Abstract

Despite striking similarities between processes and production methods (PPMs) and genetic engineering, the EC-Biotech panel report is silent on the points of contention raised in the debate on PPMs. The reason is that in EC-Biotech, the panel decided the dispute based on the SPS Agreement, and not based on the GATT or the TBT Agreement. This decision, if not revoked, may well pre-determine the lines of reasoning along which future disputes on national regulations of biotech products will be decided. In this paper, the author critically analyzes the panel's arguments for applying the SPS Agreement. She detects three fundamental concerns: a) the panel interprets the scope of the SPS Agreement in an overly broad manner; b) it fails to address that the contested measures differ considerably from those in previous SPS disputes, and c) it omits exploring the full meaning of environmental protection and biodiversity.
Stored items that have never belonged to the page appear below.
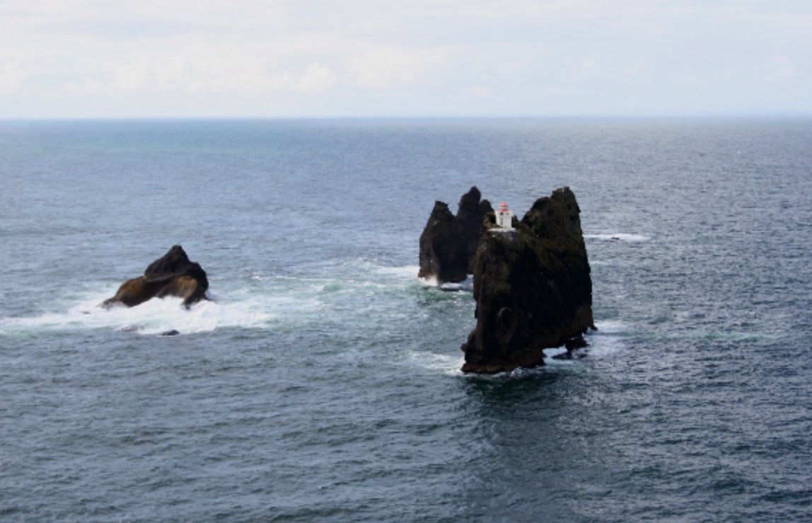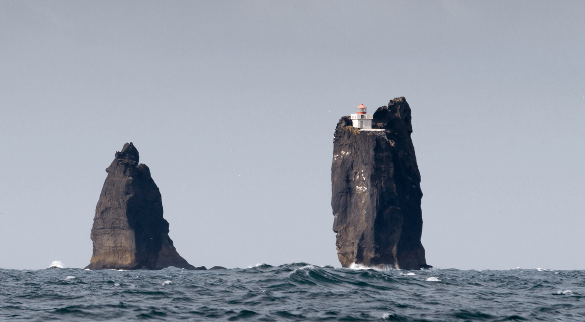 El faro de Thridrangaviti se encuentra en Islandia, en el archipiélago de las Islas Vestman. Su nombre significa literalmente "tres pilares de roca", y se asienta sobre el más alto de todos, un puntiagudo peñasco llamado Háidrangur.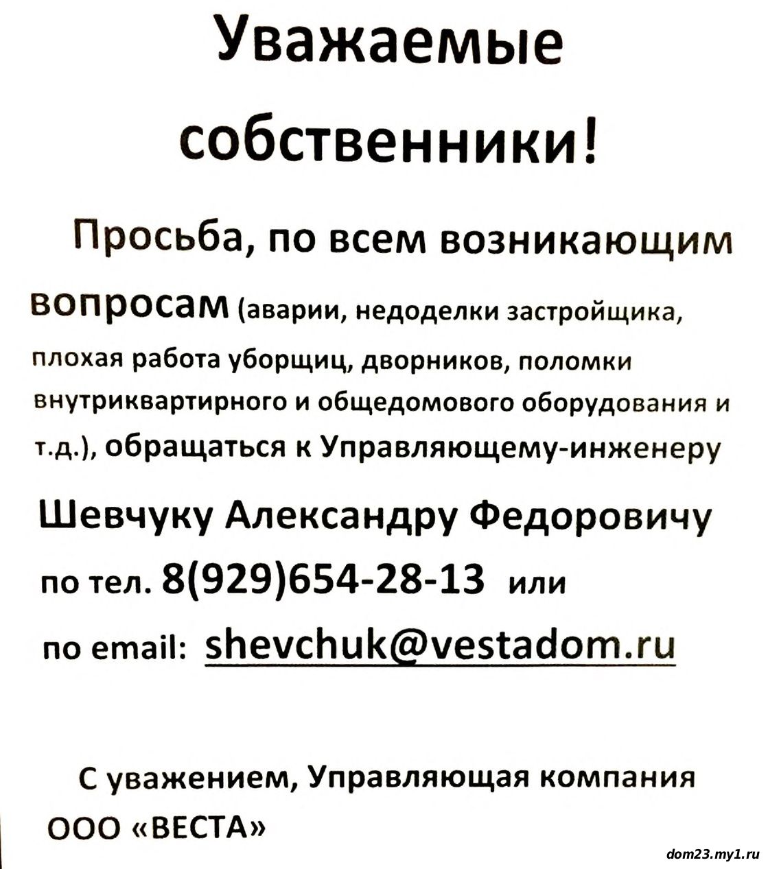 20 мая состоялось собрание собственников д. 23 по ул. Высоковольтная. На собрании были определены основные вопросы к УК. Предлагаю обсудить. Вопросы: 1. За просить у УК должностную инструкцию охраны дома. 2. Доступ к счетчикам на воду и отопление. Кто ответственный за отключение сигнализации? 3. Просим предоставить план установки камер в доме, подробную смету на установку камер. Просим указать сроки выполнения работ по установке и настройке камер. Когда можем провести экскурсию по системе видеонаблюдения дома в целом? 4. Когда будут учтены в счет коммунальных платежей 17 000 руб., внесенны ... Читать дальше » |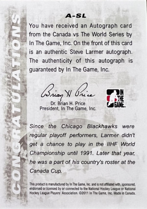 2011-12 ITG Canada Vs The World Autograph, Steve Larmer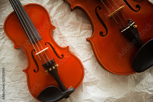 Fototapeta premium Two different size of violins put on background,shw detail of front side.

Given these doubts about the applicability of the SPS Agreement to regulations of biotech products, the author sets forth the argument that in this particular situation the rule of the minimum of obligations should be applied. With this rule, it can be determined whether the definitions of SPS measures, which in turn decide on the scope of the SPS Agreement, should be interpreted in a broad or rather a narrow manner. Methodologically, the rule requires a comparison of the substantive disciplines on regulations of biotech products contained in different WTO agreements. The author concludes that given the ambiguity of the scope of the SPS Agreement with respect to measures on biotech products, the agreement with softer disciplines provides a more solid legal basis for decisions in respective international disputes.